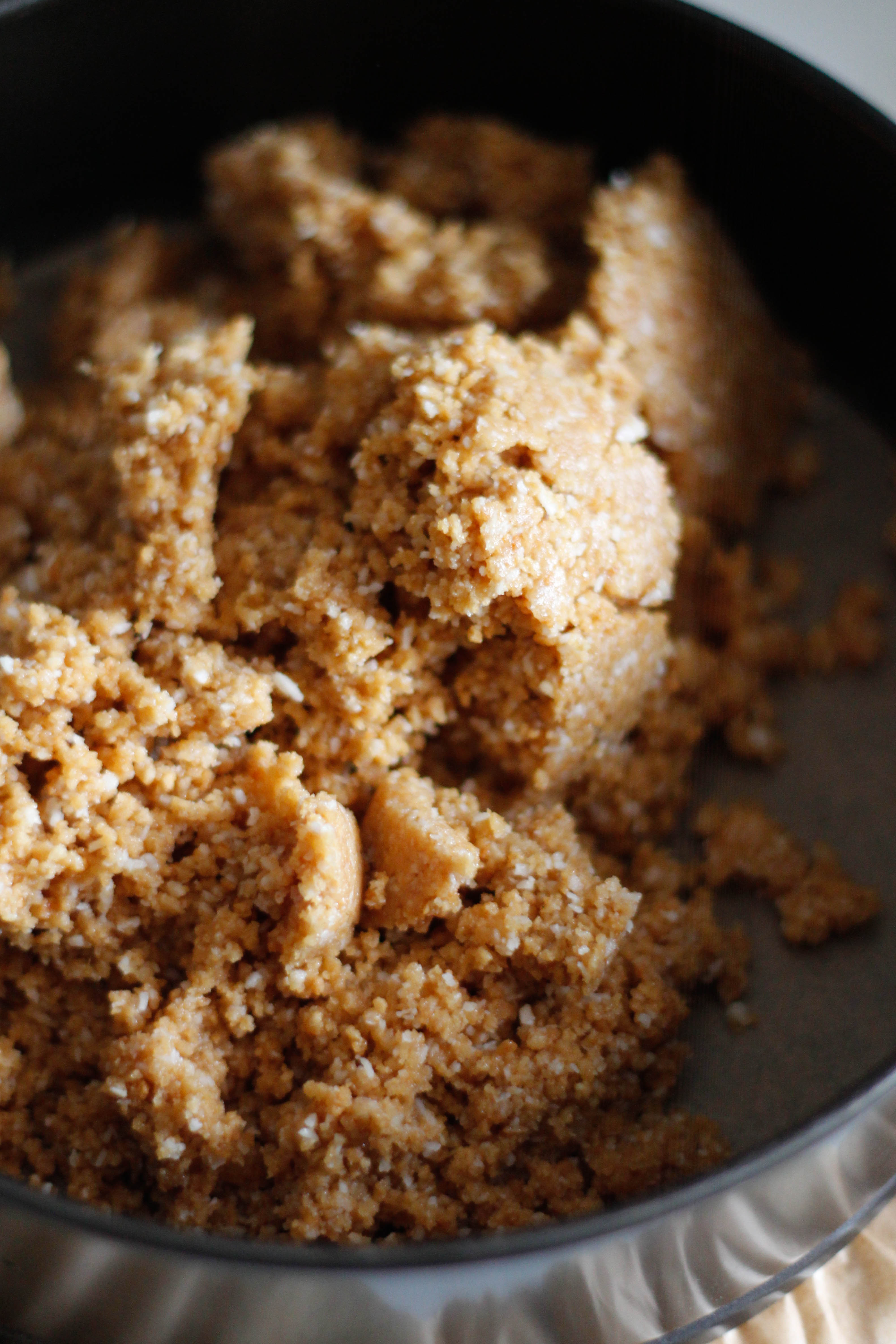Place the biscuits, coconut and flour into a food processor and pulse until you are left with a fine crumb. Add the butter and honey and pulse again until the mixture comes together.
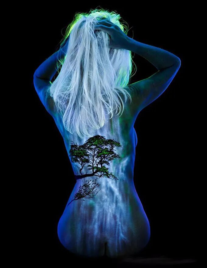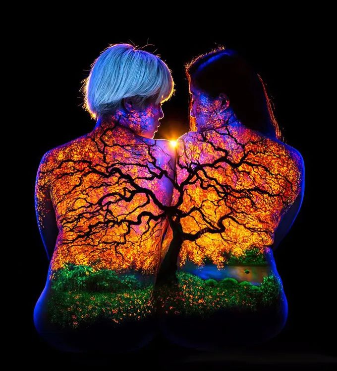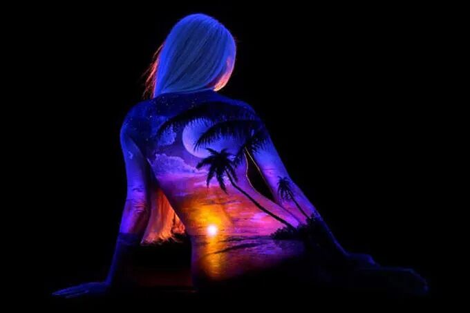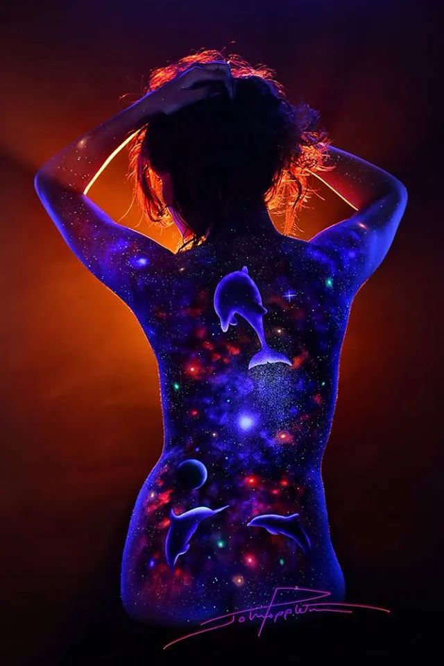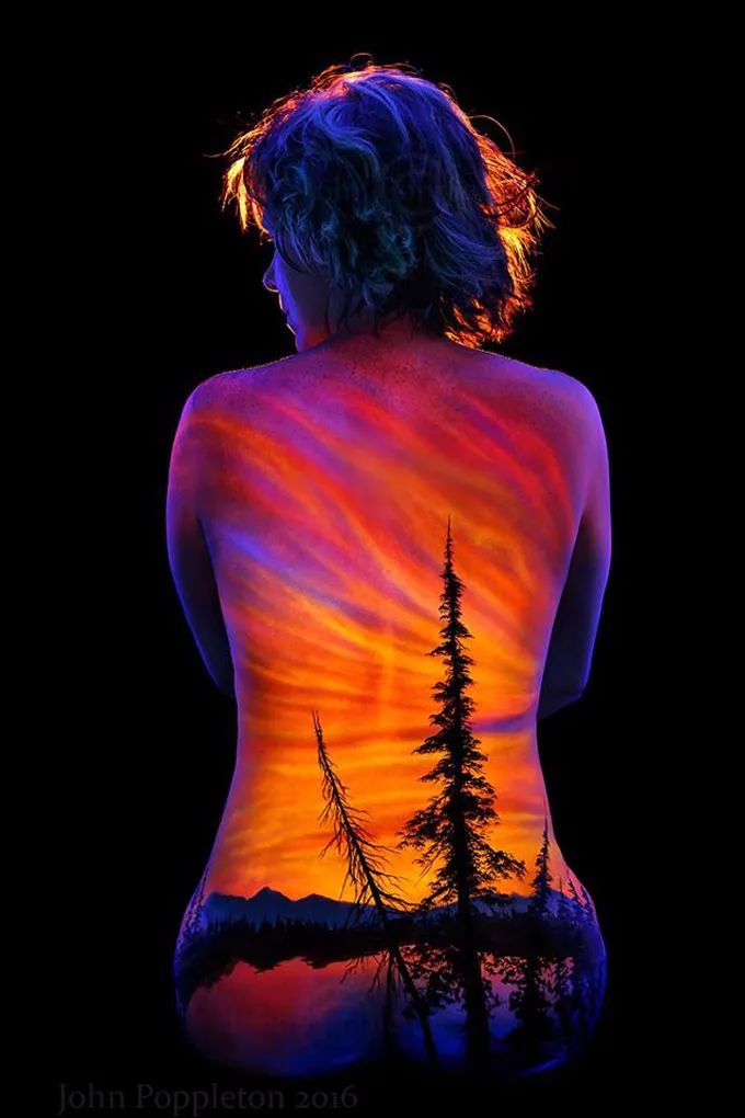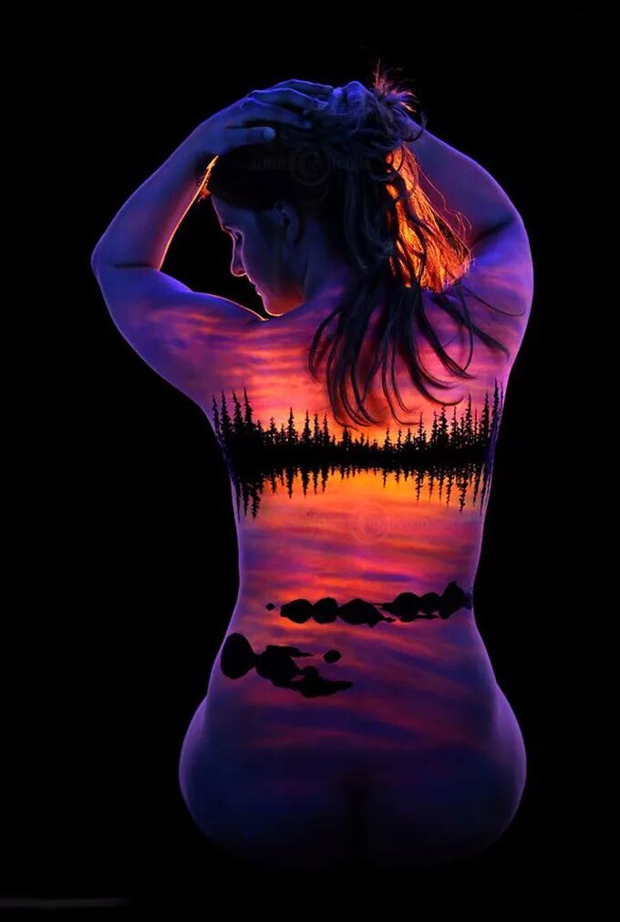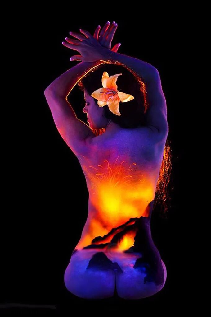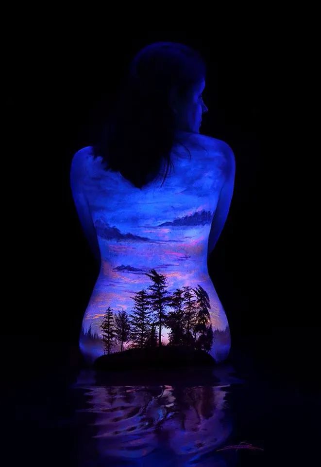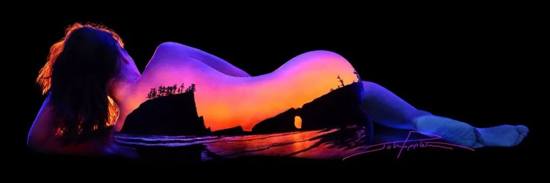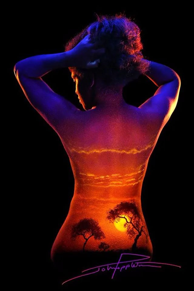 艺术家约翰利用黑色背景将女性的形体之美与大自然景象相融合,他把日落、热带海洋和月光照射下的山脉等自然美景涂画在裸体女性模特身上,并以惊人的紫外线照片的形式再现女性形体之美和原创艺术之美。 —— 前言
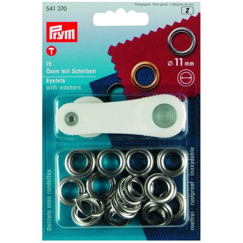 PRYM oeillets sous blister de 15 pièces avec outil de fixation inclus, idéal pour bâche, taud et rideau des bateaux et camping-cars.
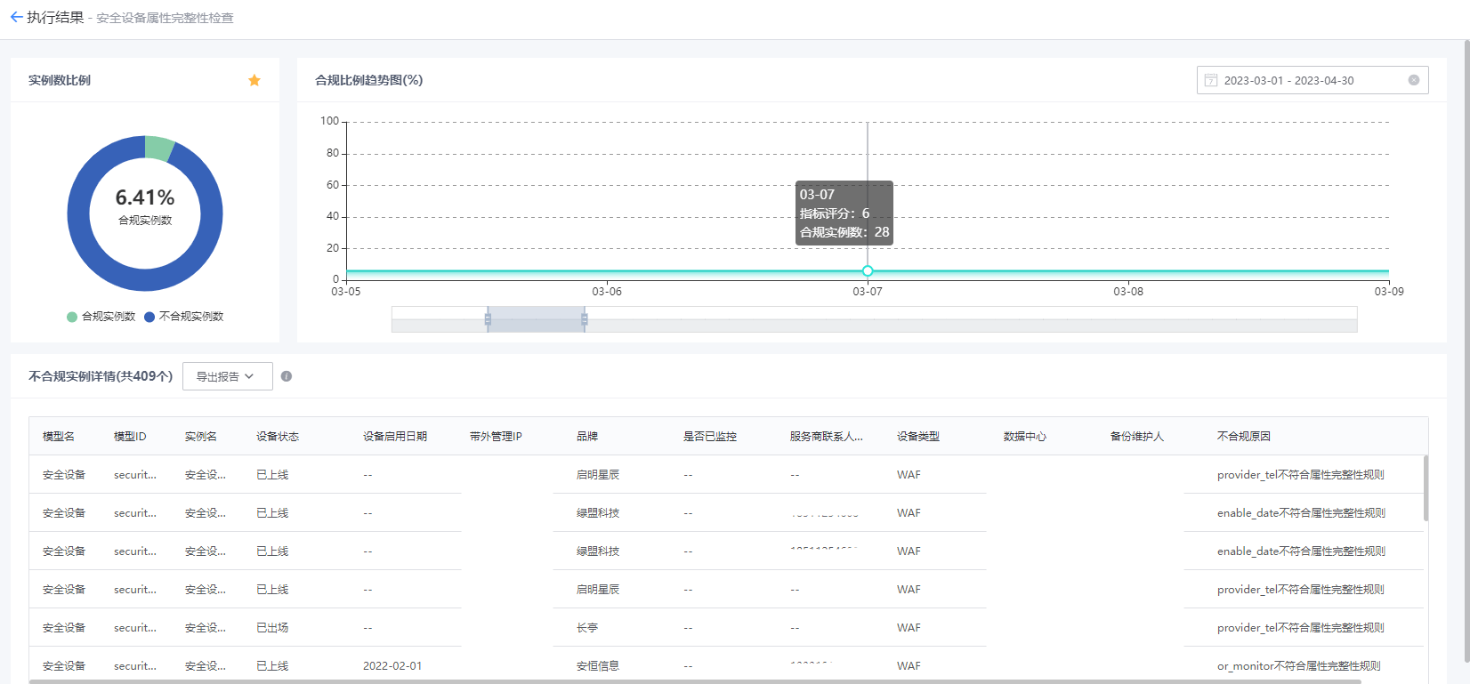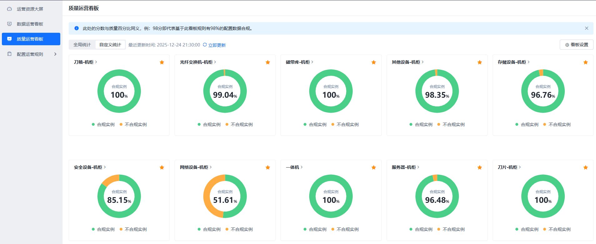 功能介绍:质量运营看板实时展现通过运营审计规则执行的结果,相对直观的看到各板块审计情况,便于进一步对数据进行分析和挖掘,了解底层用户数据维护行为,并为工作部署及相应策略提供数据依据。
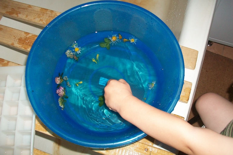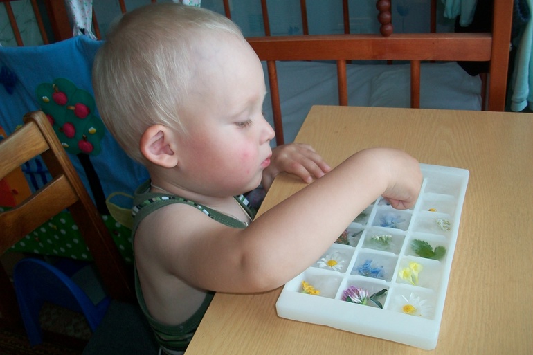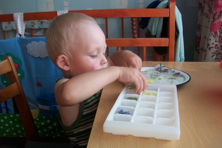 Изучаем окружающий мир (тематические занятия и циклы занятий)Вот и пролетело лето. Совсем как-то незаметно. В один из последних теплых деньков решили мы поиграть с цветочками и льдом. Насобирали на улице разных цветов и принесли домой. Достали форму из-под льда и сложили туда все цветочки
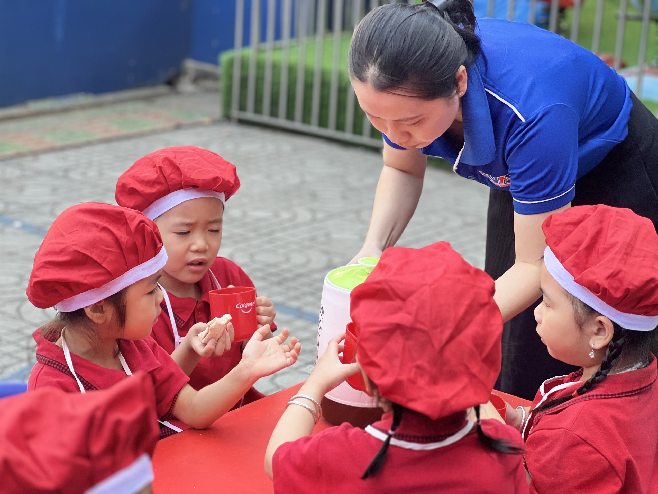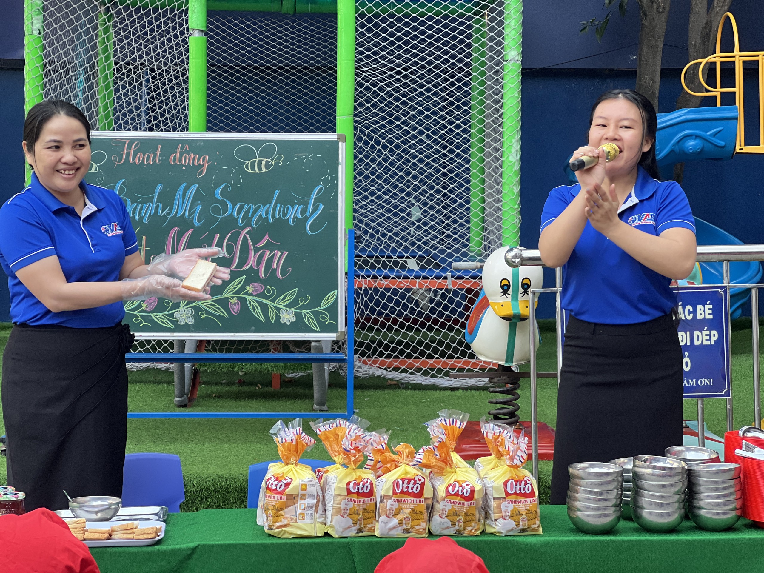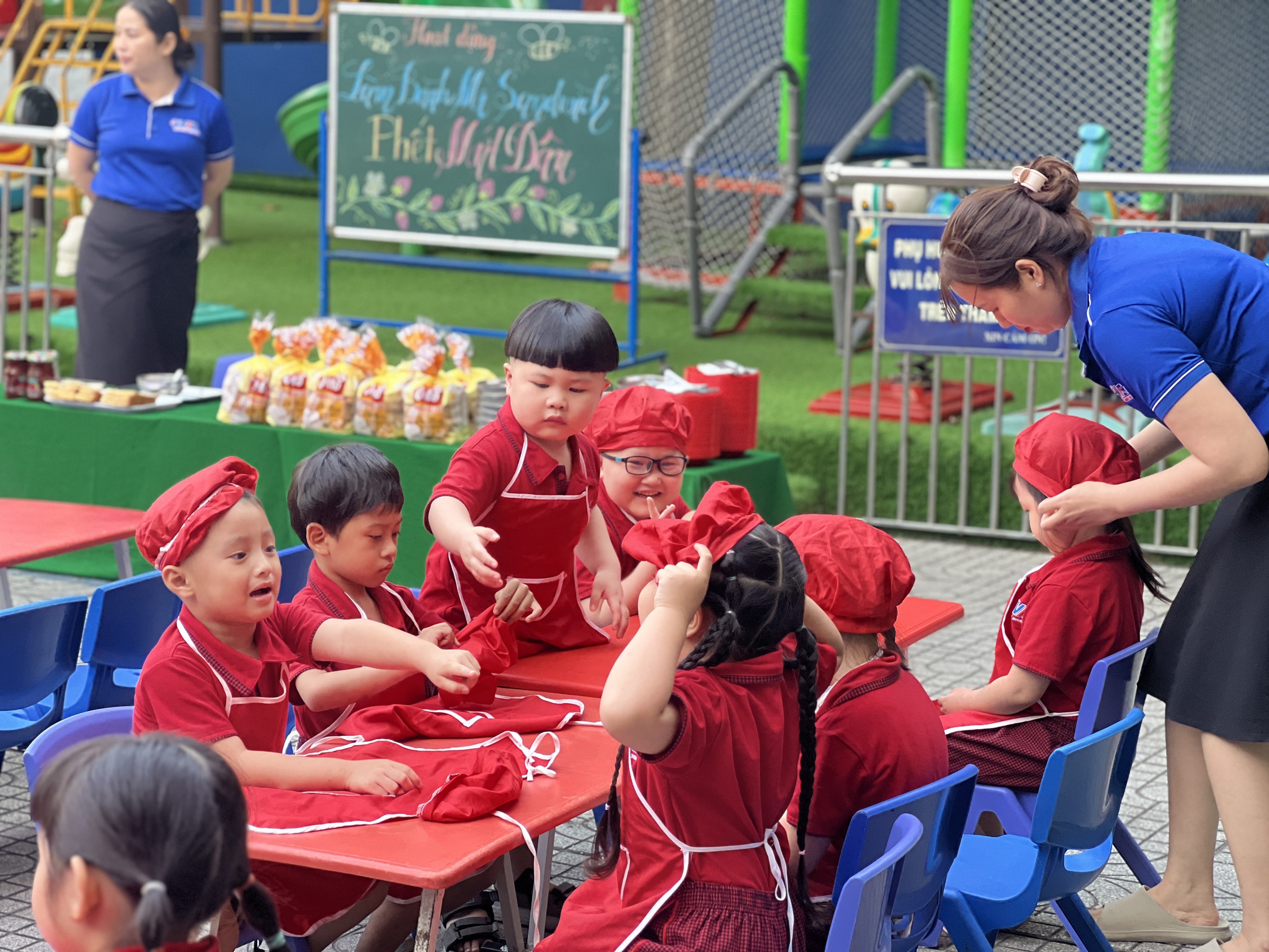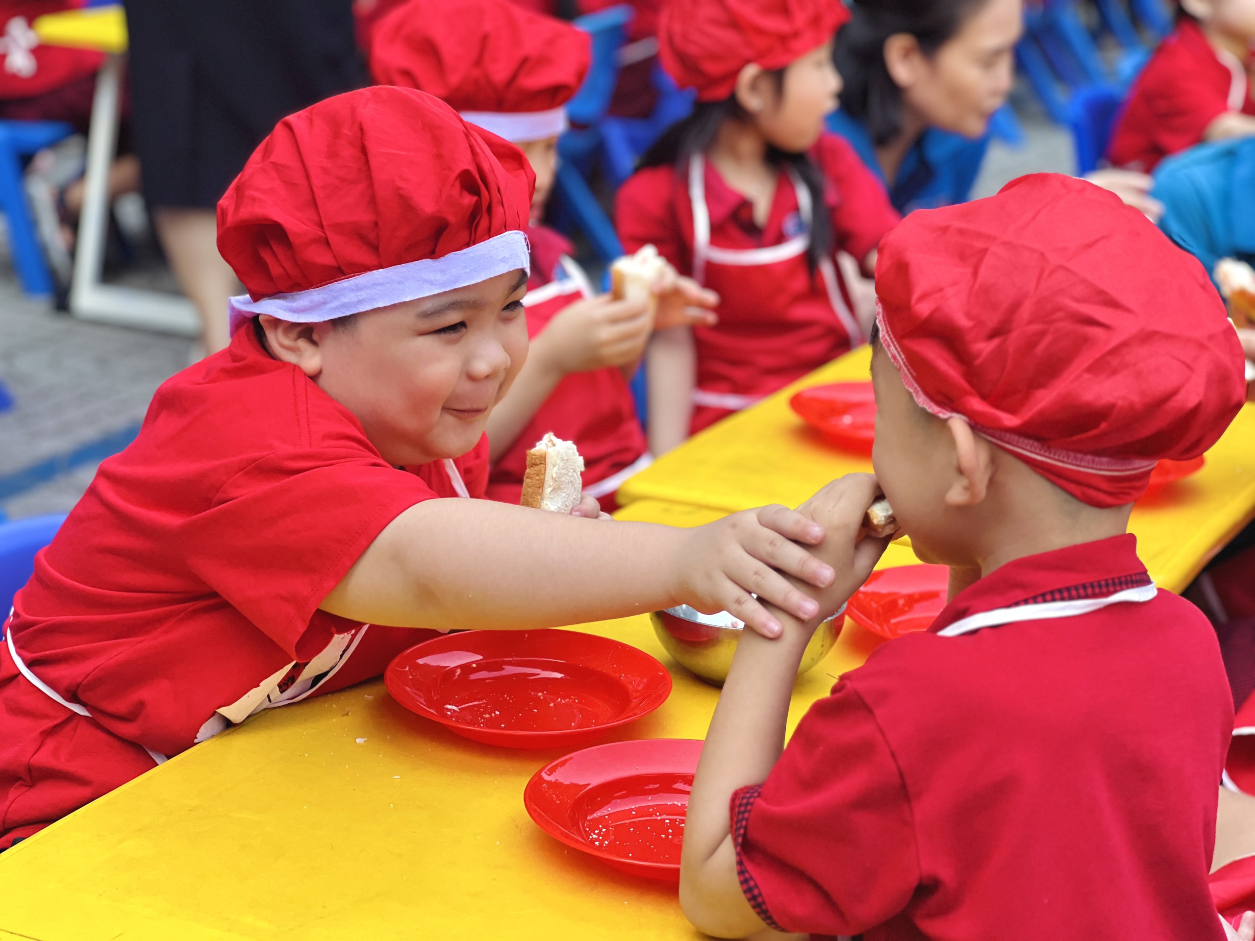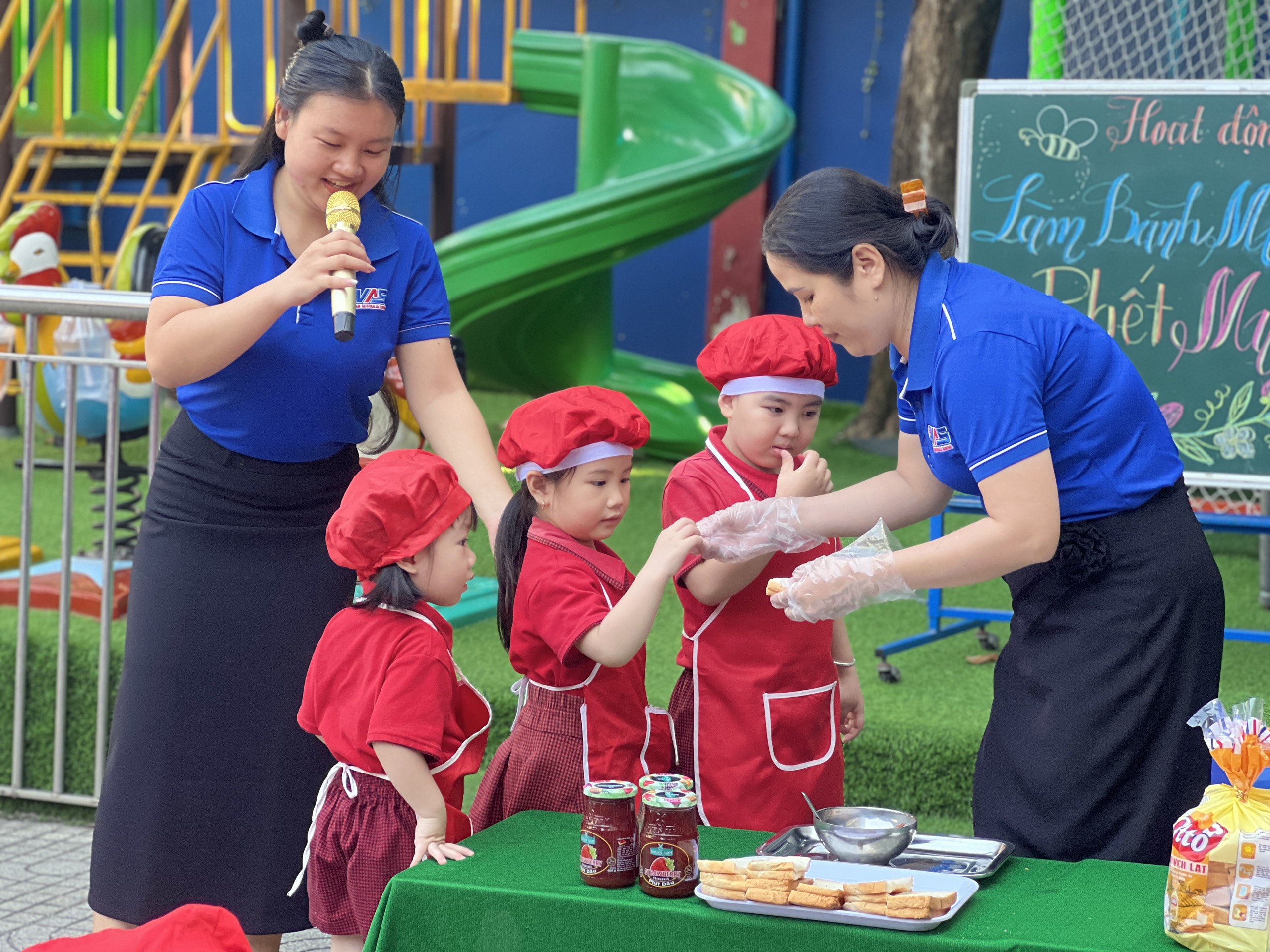 Một buổi trải nghiệm vô cùng thú vị với hoạt động làm bánh mì sandwich phết mứt dâu của các đầu bếp nhí

• YOUR OBJECTIVE: Could you reproduce every record above exactly, leaving out any pictures?

• SOLUTION FOR THIS TASK:
Place the biscuits, coconut and flour into a food processor and pulse until you are left with a fine crumb. Add the butter and honey and pulse again until the mixture comes together.
 艺术家约翰利用黑色背景将女性的形体之美与大自然景象相融合,他把日落、热带海洋和月光照射下的山脉等自然美景涂画在裸体女性模特身上,并以惊人的紫外线照片的形式再现女性形体之美和原创艺术之美。 —— 前言
 PRYM oeillets sous blister de 15 pièces avec outil de fixation inclus, idéal pour bâche, taud et rideau des bateaux et camping-cars.
 功能介绍:质量运营看板实时展现通过运营审计规则执行的结果,相对直观的看到各板块审计情况,便于进一步对数据进行分析和挖掘,了解底层用户数据维护行为,并为工作部署及相应策略提供数据依据。
 Изучаем окружающий мир (тематические занятия и циклы занятий)Вот и пролетело лето. Совсем как-то незаметно. В один из последних теплых деньков решили мы поиграть с цветочками и льдом. Насобирали на улице разных цветов и принесли домой. Достали форму из-под льда и сложили туда все цветочки
 Một buổi trải nghiệm vô cùng thú vị với hoạt động làm bánh mì sandwich phết mứt dâu của các đầu bếp nhí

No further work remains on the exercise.